Just because you got along great while you were dating/courting and the first years of your marriage were seamless and without conflict does not automatically mean that you'll be able to move through the years without a gap beginning to widen between the two of you.
A marriage is a living relationship and if not tended to WILL die.
Or become hollow and unfulfilling.....lonely.
You personally keep growing....in whatever direction.
And so does your spouse.
But you won't grow deeper and closer together if you never spend time together.
You'll just grow apart.
I've heard too many stories of couples who work tirelessly in ministry, their careers, raising several children.
And when it's just the two of them left in the house.....they are practically strangers.
They don't know what to talk about anymore and would rather not talk to each other.
My husband and I are determined not to let that happen.
It can be challenging at times, but we try very hard to jump on every opportunity we have to make time for just the two of us!
Last year, we could not make the couples retreat we attended two years ago.
So when we got word that this year's retreat was going to be on Valentine's weekend, we made it a priority to go.
My husband requested time off of work at the beginning of the year, and I made arrangements for the child care.
We had to be creative financially, but we felt it is an investment!

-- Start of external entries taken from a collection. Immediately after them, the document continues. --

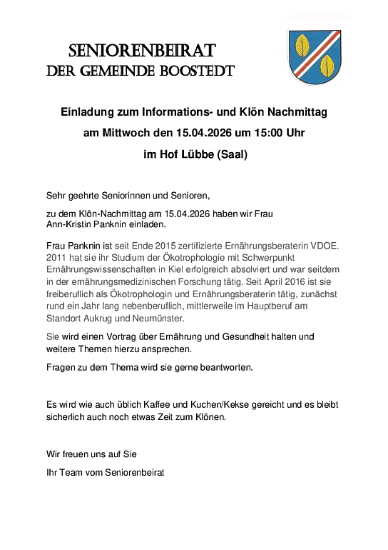 Boostedt: Informations- und Klönnachmittag mti dem Seniorenbeirat
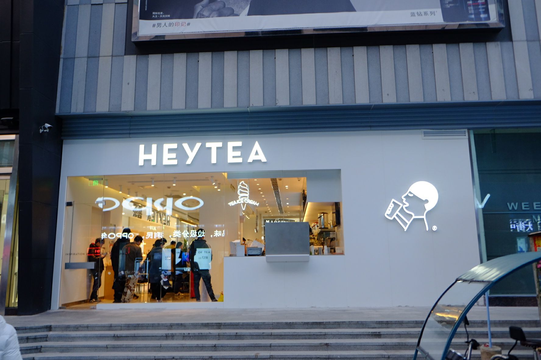 这几天喜茶和奈雪之茶分别开出本地的第一家店,位置非常有意思——面对面的两个广场的一楼。
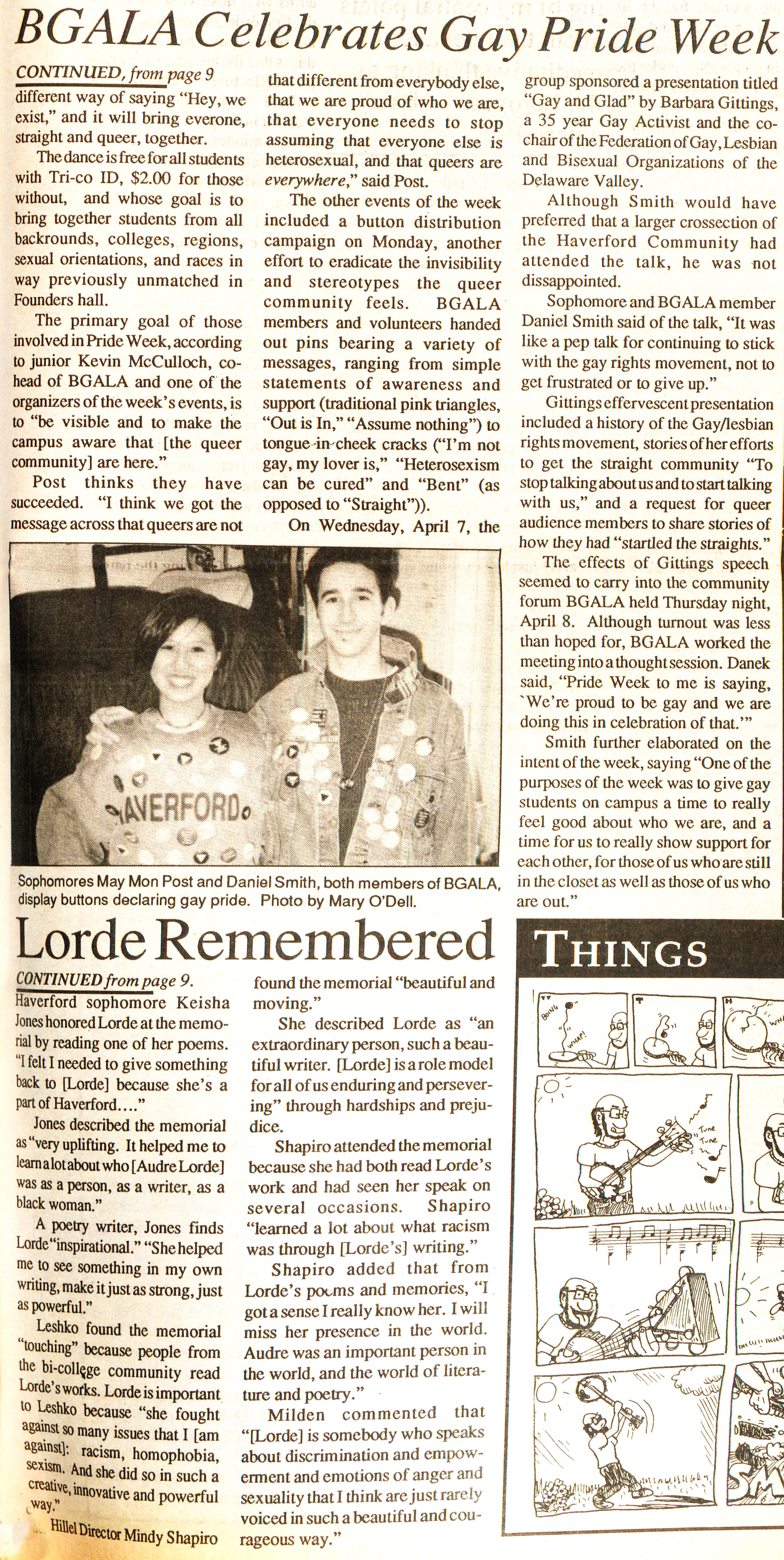 “Audre Lorde Memorial Held; Gay Pride Week Capped Off With Dance Tonight ,” That Which is Renamed, but Always Remains: An Archival Representation of Queer History at Haverford College, accessed December 14, 2025, https://ds-omeka.haverford.edu/bechen/items/show/1313.
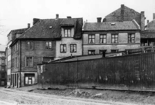 Hjørnet Vinkelgaten og Filosofgangen, Oslo. Gatebilde med gjerde og boliger.
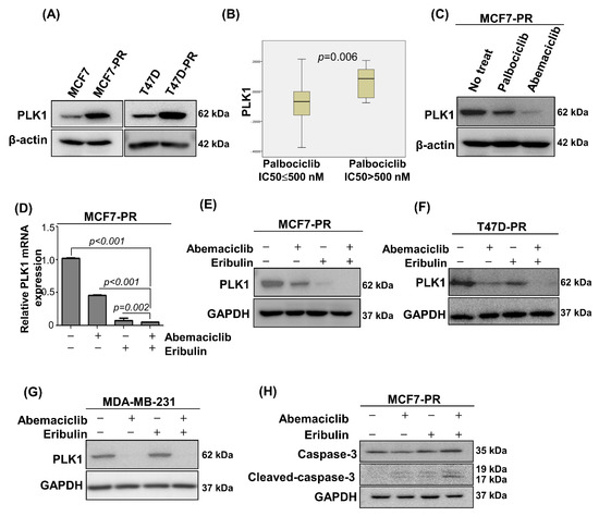 The pole-like kinase 1 (PLK1) is a protein kinase that regulates the cell cycle during mitotic entry and the G2/M checkpoint [30,31]. Considering the multiple PLK1 functions in the G2/M phase, the current study next examined the association of PLK1 expression and palbociclib resistance, which was not previously well-studied [32]. The current study remarkably noticed the PLK1 overexpression on MCF7-PR and T47D-PR cells compared with their parental counterparts (Figure 4A). The TNBC cell line, MDA-MB-231 cells, also showed PLK1 overexpression compared with palbociclib-sensitive cells, MCF7 and T47D (Figure S4A). Furthermore, when analyzing the association of palbociclib activity and PLK1 mRNA expression in 38 breast cancer cell lines using Cancer Cell Line Encyclopedia (CCLE) data, the current study found that cells with low palbociclib activity (IC50 > 500 nM) had higher PLK1 expression (p = 0.006; Figure 4B). MCF7-PR cells treated with IC50 concentrations of palbocilib or abemaciclib had a higher PLK1 inhibition with abemaciclib than palbociclib treatment (Figure 4C), indicating the enhanced activity of abemaciclib in the G2/M phase. The current study then performed quantitative real-time polymerase chain reaction (qRT-PCR) and western blot analyses to detect the PLK1 changes after the sequential eribulin and abemaciclib treatment in palbociclib-resistant cells. The current study demonstrated that the mRNA and PLK1 protein levels decreased in the combination treatment cells compared with the eribulin or abemaciclib treatment alone or with no treatment control cells (Figure 4D–G). In addition, the downstream kinases of PLK1, were also inhibited by the combined treatment of eribulin and abemaciclib. (Figure S4D). Cleaved caspase-3 increased in the combination treatment cells compared with the monotherapy or no treatment cells, which implies that combination treatment enhances apoptosis (Figure 4H). This synergistic mechanism occurred in the palbociclib-resistant and TNBC cells as well as palbociclib-sensitive cells (Figure S4B,C).
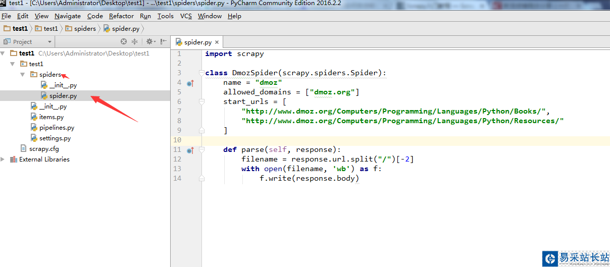在test1/spiders/,文件夾下,新建一個爬蟲spider.py, 注意代碼中的name="dmoz"。這個名字后面會用到。
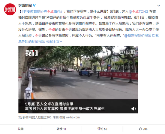 封面新聞6月3日報(bào)道 5月底,藝人仝卓在直播時(shí)自曝通過手段”將自己的往屆生身份改為應(yīng)屆生身份,被質(zhì)疑涉高考舞弊。6月1日,據(jù)知情人士消息,陜西省延安市教育局也參與到事件調(diào)查中。教育局工作人員表示:我們正在調(diào)查,還沒什么進(jìn)展。據(jù)悉,仝卓的父親仝天峰現(xiàn)為臨汾市人大常委會副秘書長。臨汾人大一辦公室工作人員回應(yīng),仝天峰如參與學(xué)籍修改,純屬個(gè)人行為,“市里有人在調(diào)查”。
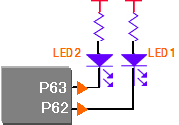 In this step, you decide which pins to use. Refer to the circuit diagram shown below. Bit 2 and bit 3 of the port 6 are used as outputs. In QB-R5F100LE-TB, these are connected to LED1 and LED2 respectively.
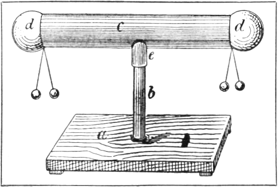 Abb. 3 zeigt den Konduktor; er besteht aus einem viereckigen Brettchen (a), das an den Ecken mit Korkstollen versehen ist, aus dem Glasfuß (b), der mit Siegellack in ein entsprechendes Loch des Grundbrettes eingekittet ist, und dem oberen, metallenen Teil; diesen stellen wir uns aus einer etwa 3 cm weiten und 15 cm langen Messingröhre her (c). Nun beschaffen wir[S. 7] uns zwei messingene Herdkugeln (d, d), deren Durchmesser etwa 5 mm größer ist als der der Röhre, und welche so in diese eingelötet werden, daß die Ansätze der Kugeln nach innen kommen. An der Mitte wird nun noch ein etwa 2 cm langes Messingröhrchen (e) angelötet, in welches das obere Ende des Glasstabes eingekittet wird. Statt Messing zu verwenden, kann man sich auch den oberen Teil des Konduktors bei einem Drechsler von Holz drehen lassen; dieser Teil wird dann sorgfältig mit Stanniol überklebt, oder mit Graphitstaub eingepinselt und dann galvanisch verkupfert.
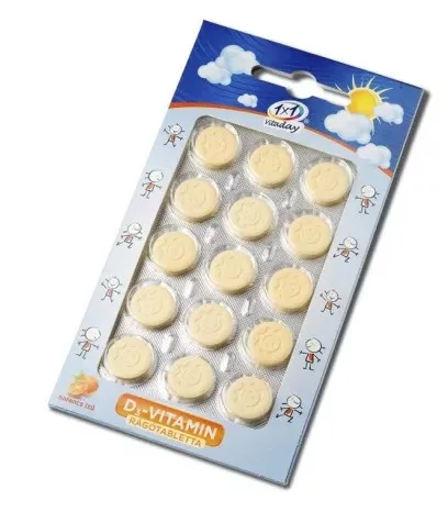 Suplement diety tabletki do żucia o smaku pomarańczowym. Preparat zawiera 1000 mg witaminy 12,5µg (500 NE) witaminy D3 oraz 12 mg ekstraktu z dzikiej róży.
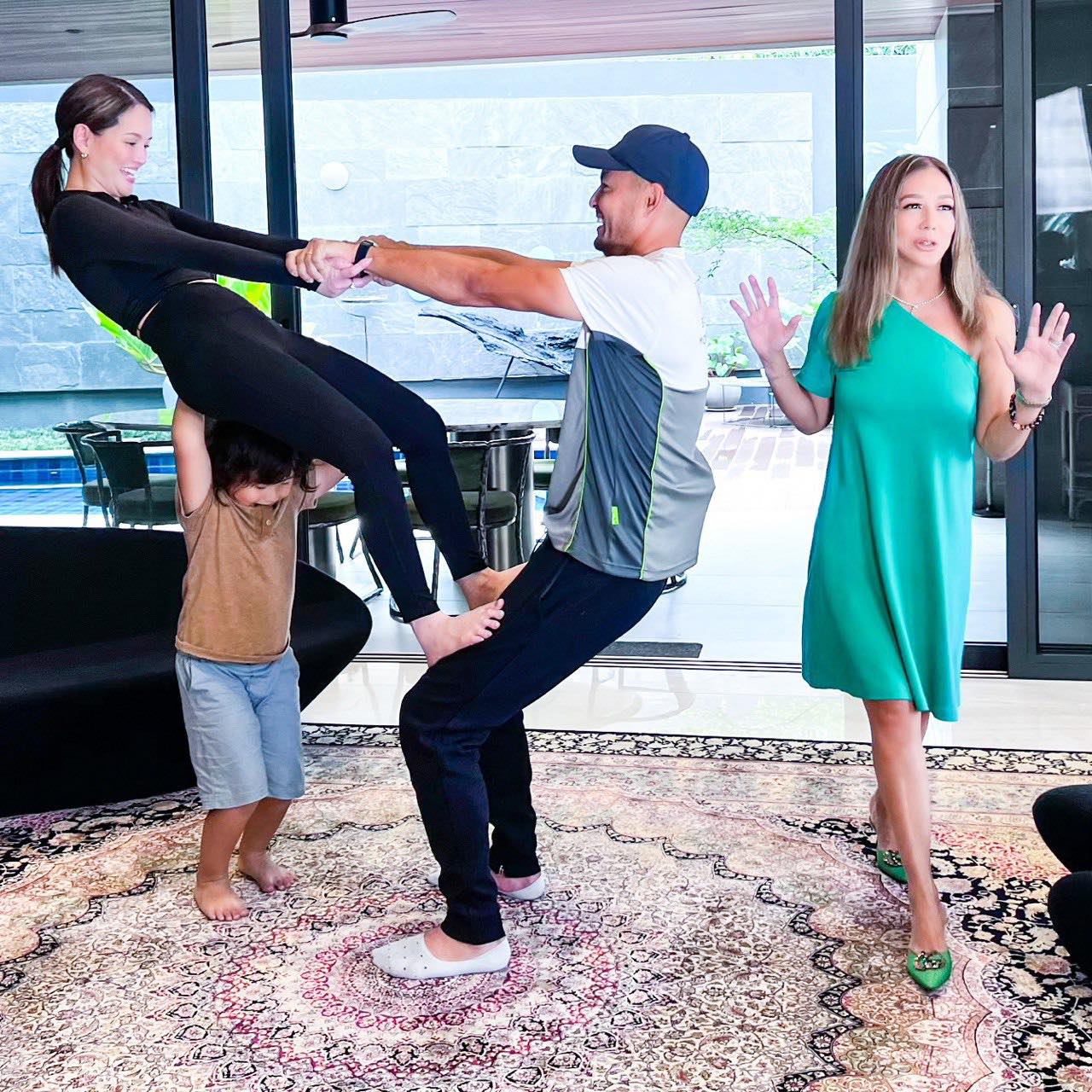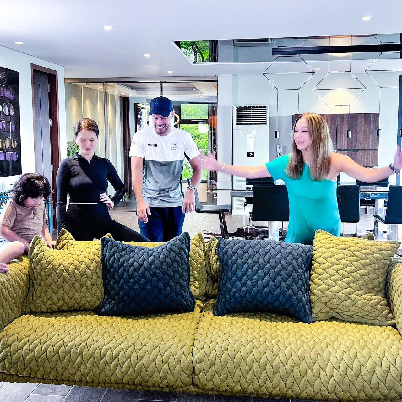 Korina toured their beautiful home with their son Elias, and met all their pets (a parrot, their giant koi fish, and a new chinchilla named Arthur) —plus she discovered that their main living room sofa has an interesting “story” to tell.
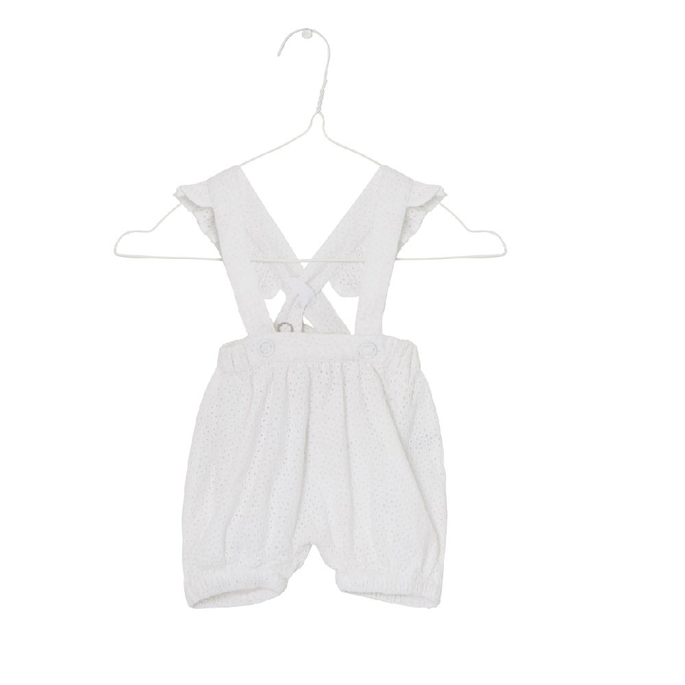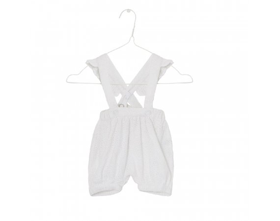Bukserne er med sødt hulmønster og har krydsende stropper bag på ryggen og har søde flæser og elastik i livet.
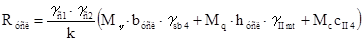 Расчетное сопротивление грунта основания условного фундамента в уровне его подошвы определим по формуле (7) СНиП 2.02.01-83:

It was hard work to get everything organized.
But so what?
The pay-off was so worth it!
The camp staff where the retreat was held did such a great job of making our meals and accomodations
as lovely as possible.
I thought this was a fun twist on a drinking glass at our first evening meal.
One afternoon, we had hours of free time, so we climbed into the car and took off
on a little day trip to Natchitoches, LA.
Some of you may remember that this is the quaint little river town that the movie
"Steel Magnolias" was filmed in.
"Shelby's house" before she got married.
This is the river front area where the final scene of the movie, during the Easter egg hunt,
We later learned that these beautiful trees flowering all over Natchitoches are called
We had such a fun afternoon just wandering around this little town,
and ended our evening with dinner out.
I highly recommend any kind of getaway with your spouse.
Just the drive alone without kids is wonderful!
If your schedules have been hectic, and you haven't been able to really converse in a while,
it sometimes takes a couple of hours of simple surface conversation to reconnect on a deeper level.
Again, it takes time to nurture that relationship.
We particularly enjoy these casual retreats with a spiritual emphasis because there are sessions with a special speaker on topics important to a healthy marriage.
We always learn something new or are reminded to get back into healthy habits.
We always enjoy the fellowship with other couples we haven't seen since the last retreat!
How do you make time for your marriage?
Do you make it a point to get away together at least once a year?